Positive and negative integers
Of all integers, it is logical to distinguish between positive and negative integers. Let's give their definitions.
Definition 2. Positive integers
Positive integers are integers with a plus sign.
For example, the number 7 is an integer with a plus sign, that is, a positive integer. On the coordinate line, this number lies to the right of the reference point, for which the number 0 is taken. Other examples of positive integers: 12 , 502 , 42 , 33 , 100500 .
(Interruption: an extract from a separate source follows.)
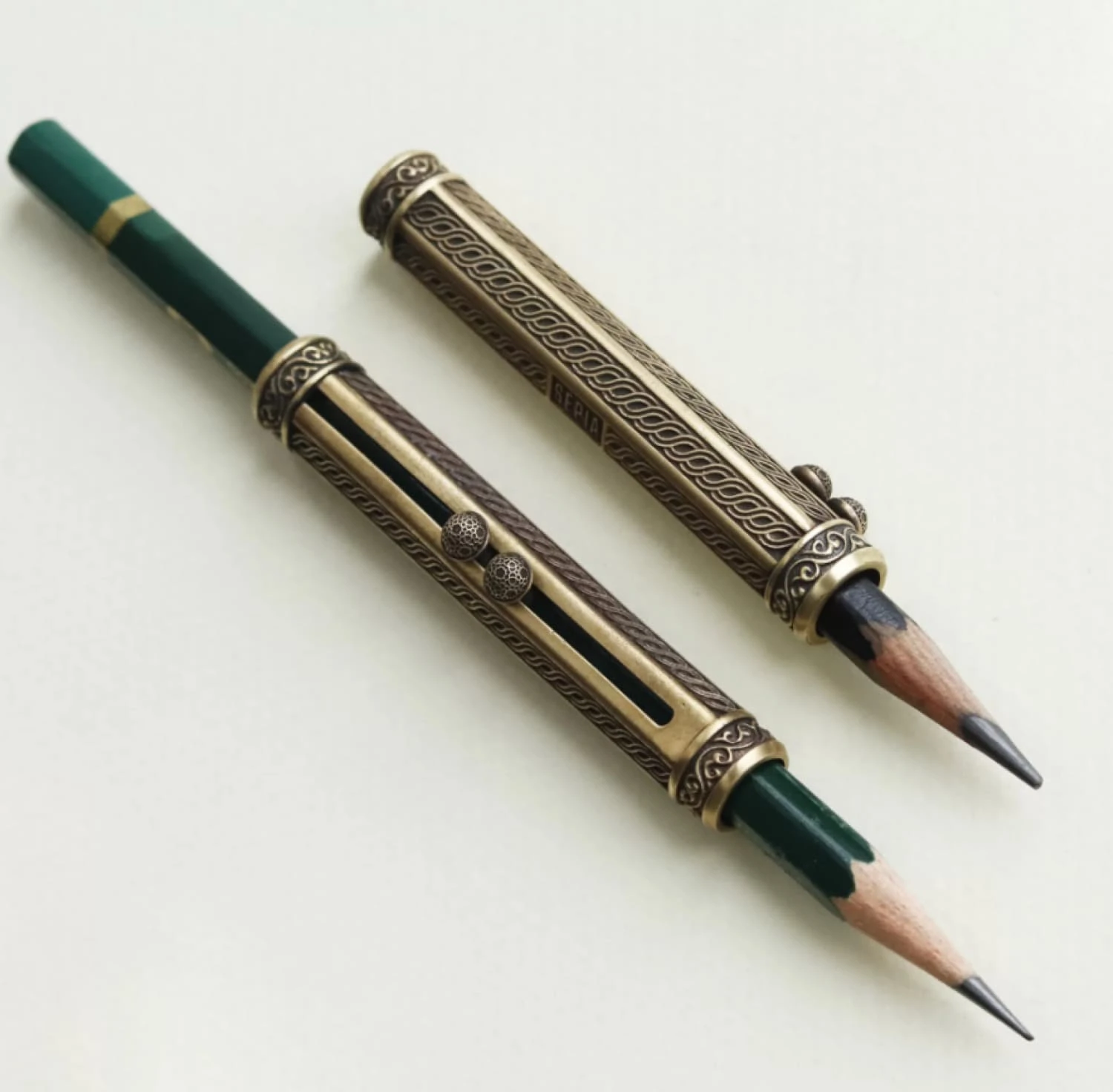 The design of this pencil extender draws inspiration from Seljuk ornamental art, showcasing an interlocking chain pattern that adds decorative flair. Its outer shape resembles a hexagon, mirroring a pencil, while the interior boasts a rounded form. Created through manual compression using a specialized apparatus, this extender combines artistic detail with practical functionality.
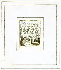 | Plate b11 (application) | ![]() | Application He who sees the In- -finite in all things sees God. He who sees the Ratio only sees himself only | At the bottom of the plate, a bearded man with long hair kneels on the ground and leans forward. His right hand holds a compass, with which he seems to be measuring the foot of a triangle inscribed on the ground. On the left margin stands a tree, one of its branches arching over the man, another extending up the margin and dividing the text from the header above it. | From Copy L. The man measuring the triangle refers to the concept of "the Ratio" as mentioned in the text.[54] "Ratio" is from the Latin for "Reason" ("Rationis"), and for Harold Bloom, "Ratio, in Blake's use, means an abstract image or ghost of an object, which in the aggregate makes up the universe of death which is the natural experience of most men."[55] Similarly, for Peter Otto, the plate depicts Nebuchadnezzar II as "Locke's Reason, closed within the 'Closet' of the mind while the triangle is one of the simple ideas that in Locke’s system provide the primary building blocks of knowledge."[56] For Eaves, Essick and Viscomi, the plate depicts enslavement to "abstract reason and bondage to material nature. The latter is emphasised by the barren tree and other vegetation that curve over the figure as though to entrap him."[48] Essick sees the illustration as a visual pun; the literal application of Reason to the earth (represented by the ground) itself.[57] David Bindman speculates that Blake may have been inspired in this image by an engraving he had done in 1782 after a Thomas Stothard design for the frontispiece of An Introduction to Mensuration by John Bonnycastle, which depicts a young child measuring some triangles.[58] Eaves, Essick and Viscomi suggest Blake may have been building on Raphael's depiction of Euclid in The School of Athens (1511).[48] Blake himself would use this image as the basis for two of his later planographic prints, Nebuchadnezzar (where he mirrors the posture) and Newton (where he mirrors the action; both c.1795/1805). |

Definition 3. Negative integers
Negative integers are integers with a minus sign.
Examples of negative integers: - 528 , - 2568 , - 1 .
The number 0 separates positive and negative integers and is itself neither positive nor negative.
Any number that is the opposite of a positive integer is, by definition, a negative integer. The reverse is also true. The reciprocal of any negative integer is a positive integer.
It is possible to give other formulations of the definitions of negative and positive integers, using their comparison with zero.
Definition 4. Positive integers
Positive integers are integers that are greater than zero.
Definition 5. Negative integers
Negative integers are integers that are less than zero.
Accordingly, positive numbers lie to the right of the origin on the coordinate line, and negative integers lie to the left of zero.
Earlier we said that natural numbers are a subset of integers. Let's clarify this point. The set of natural numbers are positive integers. In turn, the set of negative integers is the set of numbers opposite to the natural ones.
Important!
Any natural number can be called an integer, but any integer cannot be called a natural number. Answering the question whether negative numbers are natural, one must boldly say - no, they are not.
Non-positive and non-negative integers
Let's give definitions.
Definition 6. Non-negative integers
Non-negative integers are positive integers and the number zero.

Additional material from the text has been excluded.